Kan de regering aangeven welke instantie ervoor zorg draagt dat de burger op een adequaat tijdstip bekend is met zijn inkomensgegeven nu het voor de burger van belang is dat hij bijtijds weet hoe te handelen wanneer hij een wijziging in zijn inkomensgegeven wil of het niet eens is met het inkomensgegeven dat voor hem geldt.

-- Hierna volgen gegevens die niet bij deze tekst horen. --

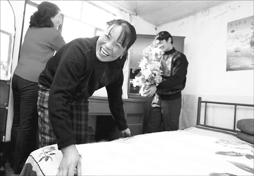 今天上午从市环卫部门获悉,为改善长期担任清扫工作的外来工们的生活环境,天津市在有条件的工地附近建设了一批“夫妻房”,供分居的夫妇临时团聚。据介绍,这种人性化的关怀得益于本市近来相继出台的一系列关爱农民工政策,在“夫妻房”内桌、椅、床、衣、煤气灶具等一应俱全,“夫妻房”使这些准备在天津过年的农民工们今年能过一个“舒心年”了。图为河西环卫局的工作人员正在为即将住进“夫妻房”的农民工夫妇布置“新房”。

De leden van de PvdA-fractie stemmen in met een verbetering van de rechtsbescherming van burgers in het geval een verzoek om ambtshalve vermindering van het verzamelinkomen of jaarloon wordt afgewezen. Een dergelijke afwijzing wordt voortaan een voor bezwaar vatbare beschikking waarbij uiteindelijk de rechter kan worden geraadpleegd. Wat betekent dit naar verwachting voor de belasting van de rechterlijke macht?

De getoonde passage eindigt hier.